We are justified by “the faithfulness of Christ,” but frequently hear from my fellow believers that we are justified by our faithfulness. No, we have faith in Christ, because He’s faithful until the point of death on the cross. We didn’t sing the hymn “How great is the saved sinners’ faithfulness,” but we sing of God’s faithfulness.

And finally this beautiful declaration from the revelation Paul received: “by the works of the law no one will be justified.

Christ encourages sin? Absolutely not!

17But if while seeking to be justified in Christ we ourselves have also been found to be sinners, is Christ then one who encourages sin? Absolutely not! 18But if I build up again those things I once destroyed, I demonstrate that I am one who breaks God’s law.

As we know, the Jews don’t consider themselves sinners, saved for the Gentiles, so if they seek to be justified by Christ, they admit that they are sinners. To them this is a strange dilemma: I’m a Jews therefore I’m not a sinner, but now I want to trust Christ, I become a sinner, so they question whether Christ is promoting sins. Paul was trying to explain to them that this is not the case. And the rhetorical phrase Paul said here “But if I build up again those things I once destroy,” he was speaking as if he was Peter. This can be paraphrased like this: Peter, you worked hard to proclaim the Perfect Sacrifice that would abolish the Jewish sacrificial system, now are you trying to bring it back by observing circumcision again? You, Peter, then become a law breaker, you break the new law that says: only your faith in the Lamb of God can justify those that believe.

Die to the law to live to God

19For through the law I died to the law so that I may live to God. 20I have been crucified with Christ, and it is no longer I who live, but Christ lives in me. So the life I now live in the body, I live because of the faithfulness of the Son of God, who loved me and gave himself for me.

If you refuse to die to the law, you cannot live to God. It’s no longer I who try to lead a perfect Christian life, but it’s the Perfect Son of God who’s doing it for me, just as He did on the cross. So now how do I live? I live by continuing to believe, to receive what Christ did and will be doing through me until the day I die, to rely on His faithfulness and not mine, on His love and sacrifice, and not anything this flesh can offer, because it is no longer I who live, but Christ in me, the hope of glory. Besides what can a dead man do? (how’s this for a paraphrase :)

It’s God’s grace or Christ died for nothing

21I do not set aside God’s grace, because if righteousness could come through the law, then Christ died for nothing!

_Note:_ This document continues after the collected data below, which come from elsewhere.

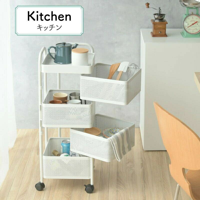 キッチンワゴン スリム キャスター付き 天板付き 4段 360° 回転 収納ワゴン 北欧 バスケットワゴン キッチン収納 台所 収納ラック 収納カート 隙間 通気性 脱着可 完成品 おしゃれ 子供部屋 ランドリー 炊飯器ラック 食材ストック 果物 野菜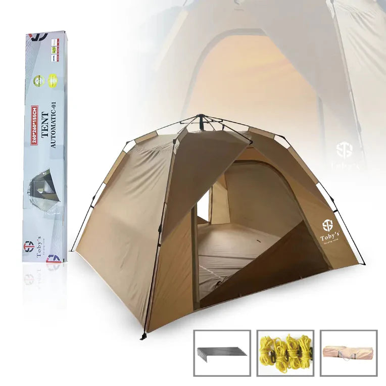 Perfect for small group outdoor adventures, this package includes all the essential gear for a comfortable camping experience. It features an easy-to-set-up 4-person pop-up tent, individual sleeping and seating arrangements, and a shared table—making it ideal for hassle-free camping trips.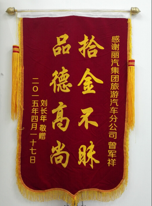 旅客劉長年回顧說,自己在4月15日來麗水市委黨校開會(huì),會(huì)議包的是麗汽集團(tuán)旅游汽車分公司的車。晚上會(huì)議結(jié)束以后就直接下車了,當(dāng)時(shí)也沒有留意自己的錢包丟在車上,后來到了賓館才發(fā)現(xiàn)自己錢包丟了,十分的著急,因?yàn)樽约菏侨A僑,包里面的很多卡十分的重要,而且補(bǔ)辦起來很困難。后來問了經(jīng)辦人才得知駕駛員的電話。第2 天來到麗汽集團(tuán)旅游汽車分公司的時(shí)候,發(fā)現(xiàn)自己的錢包已經(jīng)安安全全的放在前臺(tái)工作人員那里了。我當(dāng)時(shí)拿了500塊錢想感謝駕駛員,但是好心的駕駛員婉言拒絕了,就說了句“這是應(yīng)該做的”。我想想還是做點(diǎn)實(shí)際的來表示我對(duì)這位拾金不昧、品德高尚的駕駛員的謝意,所以就送上了這面錦旗。

If I but try to get even a tiny amount of righteousness by something other than the simple faith in Christ, namely the law, or anything that resembles something that undermines the all-sufficiency of Christ, Christ died for nothing! Before He died He said: It’s finished, the work to restore man is finished, why are you still trying to act like my death is not enough? What can you do that can add to what your Creator has done, you prideful little man?

Nghi Nguyen

- Scripture quoted by permission. All scripture quotations, unless otherwise indicated, are taken from the NET Bible® copyright ©1996-2006 by Biblical Studies Press, L.L.C. All rights reserved.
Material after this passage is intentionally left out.